The President's Daughter (Britton)/Chapter 128
The following afternoon I walked with Miss Harding (I never called her Mrs. Lewis, having gained her consent to continue addressing her in the old way) to the home of a friend where she was having tea. From there I went over to my friends', the Mousers. I remember the queer sense of detachment I felt toward old landmarks which since my childhood had grown strangely unfamiliar to me. Here in my own home town, the same feeling of unreality, of walking through the picture-book, possessed me as it had in France, and it was difficult for me to realize that I was alive and not dreaming dreams. In current slang, I wondered "what it was all about."
Yet all the time Miss Harding and I were discussing my problem. I was telling her how deeply in debt I was, and she was telling me how she had invested in real estate until she and Ralph were both frightened lest they should lose heavily. I was a bit sensitive about even discussing money, feeling assured that now that one of the Hardings knew my story, she would set about to right things for Elizabeth Ann.
Miss Harding said she herself would tell Carrie Votaw the facts about their brother's child, but that Mrs. Votaw had not been particularly well and it would be such a shock that she would prefer to wait until later on, perhaps the following month, when she expected to see her sister again. I agreed very readily to this, and told Miss Harding I would leave the matter entirely in her hands, as she asked me to do.
When Mrs. Votaw came to the Lewis home the next time, Miss Harding suggested to her that she and her friends take me along back as far as Washington with them, and to this Mrs. Votaw heartily agreed, saying that there was ample room in their Hudson car. She said the car belonged to her friend, Mr. Cyrus Simmons, who, with his brother-in-law, would be the only other two occupants on the return trip. Mrs. Votaw remained over night at her father's, Dr. Harding's, on East Center Street, the night before we were to leave Marion, and I, staying at the Lewis home, slept that night in Miss Harding's room. Her husband had left that day for Florida to attend to some business down there.
I remember well how it stormed that night. It occurred to me, as we lay there talking in our beds across from each other, that the frequent flashes of lightning and peals of thunder were possibly symbolic of Miss Harding's mental state. I felt so sorry for her. She seemed to be so full of fear. I had passed all through the stage of fear of exposure, and did not fear anything except my inability to get Elizabeth Ann and to keep her.

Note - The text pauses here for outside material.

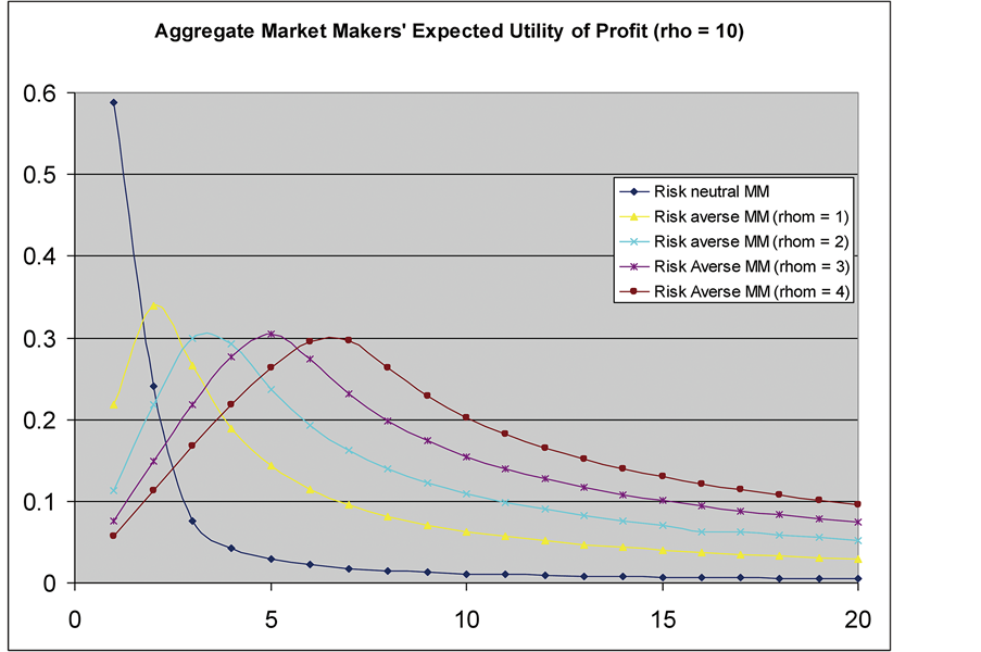 Figure 7 and Figure 8 show the aggregate expected utility of profit for the market makers as a function of their number and their risk aversion. The aggregate expected utility of profit for the market makers represents how market makers fare as a group.

The question of the $90,000 came up again and I said to Miss Harding that I could not see the awfulness of her brother's speculation, for most big men played the market, and just because the President had had no cash with which to cover his pledge, likely they had volunteered to go ahead and "play" for him. Miss Harding took the attitude that her brother was above gambling. I was not, however, at all in agreement with her views that he would not have been capable of "taking chances." He and the fellows in Marion with whom he had played cards had always played for stakes. I told her about one night when Mr. Harding had come over to see me in New York. He related how three men had approached him on the train with an invitation to play cards. They had all repaired to the end compartment. He said that he did not seem to "catch on" to them at first, but very soon he found himself deeply in debt—that is, as I remember, to the extent of something over $100, which was a considerable amount for a train card game I suppose—and he told me how he had said to them, "Gentlemen, I always pay my just indebtednesses, but in this instance I am going to give you only as much as I can spare." Thereupon he gave them $50 and his personal card, and told them they could look him up in Washington if they desired to collect the balance. He said to me that it had been a plain "hold-up game" and that he never expected to see them in Washington at all. So, even though the $90,000 in question, which Miss Harding felt her brother did not owe, was nine hundred times the amount of the indebtedness he incurred in playing cards, I was quite sure in my own mind that he had very possibly "taken chances" in this instance as well. I decided he might even have done it for Elizabeth Ann and me, knowing how he so frequently talked of "taking out some kind of a policy," or setting aside some money for me in some way.